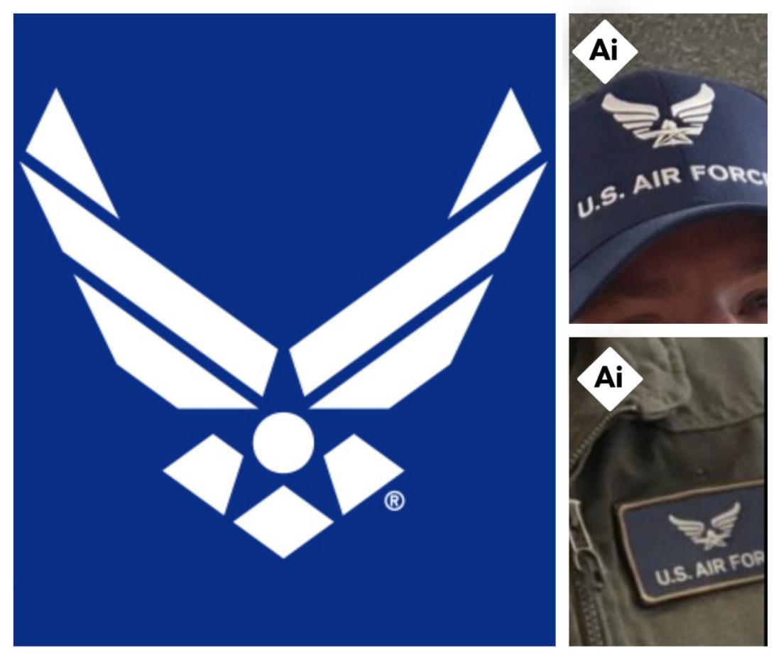 Logá „US Air Force“ na šiltovke a nášivke sa nezhodujú. Logo na šiltovke obsahuje neidentifikovateľný prvok pripomínajúci vežu. Logo na nášivke pripomína viac hviezdu, no takisto sa neponáša na oficiálne označenie vzdušných síl používané od roku 2004.
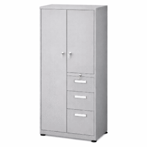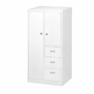 Archivero mixto, compuesto por una puerta tipo gabinete con tubo para colgar y entrepaño inferior. En el lado contrario integra una puerta abatible en la parte inferior, 2 cajones papeleros y 1 gaveta de archivo tamaño oficio. Diseño resistente, seguro y funcional, ideal para oficinas, corporativos o áreas administrativas.
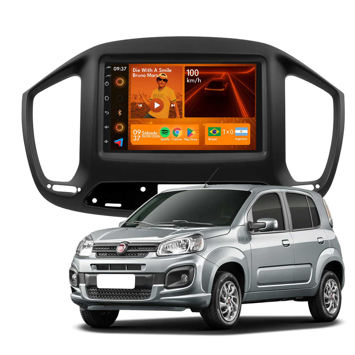 Central Multimidia 7” CarPlay + Android Auto, Wi-Fi, GPS, Câmera de Ré para Uno 2015 a 2021
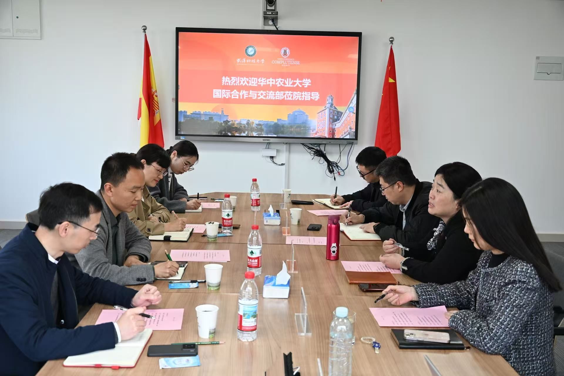 座谈会上,双方围绕对西班牙高校合作展开深入交流。据悉,华中农业大学正积极推进与西班牙高校的合作事宜,我院作为与西班牙康普顿斯大学合作办学的重要平台,拥有丰富的合作经验。双方就合作过程中的经验做法、现存问题及推进路径充分交换意见,分享了各自在对接西班牙高校、开展合作项目中的实践心得。
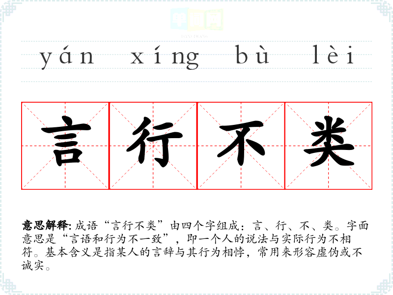 成语“言行不类”由四个字组成:言、行、不、类。字面意思是“言语和行为不一致”,即一个人的说法与实际行为不相符。基本含义是指某人的言辞与其行为相悖,常用来形容虚伪或不诚实。
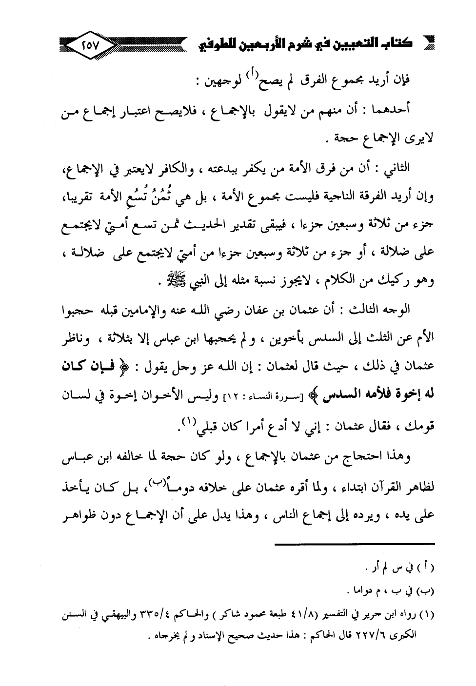 وهذا احتجاج من عثمان بالإجماع، ولو كان حجة لما خالفه ابن عباس لظاهر القرآن ابتداء، ولما أقره عثمان على خلافه دومًا (ب)، بل كان يأخذ على يده، ويرده إلى إجماع الناس، وهذا يدل على أن الإجماع دون ظواهر
○ ○ ○
WHAT TO WORK ON: Restate word for word the lines of the data above that begin at the line with "2015 a 2021" and end at the line with "座谈会上,双方围绕对西班牙高", keeping both ends and dropping every picture.

SOLUTION:
 Central Multimidia 7” CarPlay + Android Auto, Wi-Fi, GPS, Câmera de Ré para Uno 2015 a 2021
 座谈会上,双方围绕对西班牙高校合作展开深入交流。据悉,华中农业大学正积极推进与西班牙高校的合作事宜,我院作为与西班牙康普顿斯大学合作办学的重要平台,拥有丰富的合作经验。双方就合作过程中的经验做法、现存问题及推进路径充分交换意见,分享了各自在对接西班牙高校、开展合作项目中的实践心得。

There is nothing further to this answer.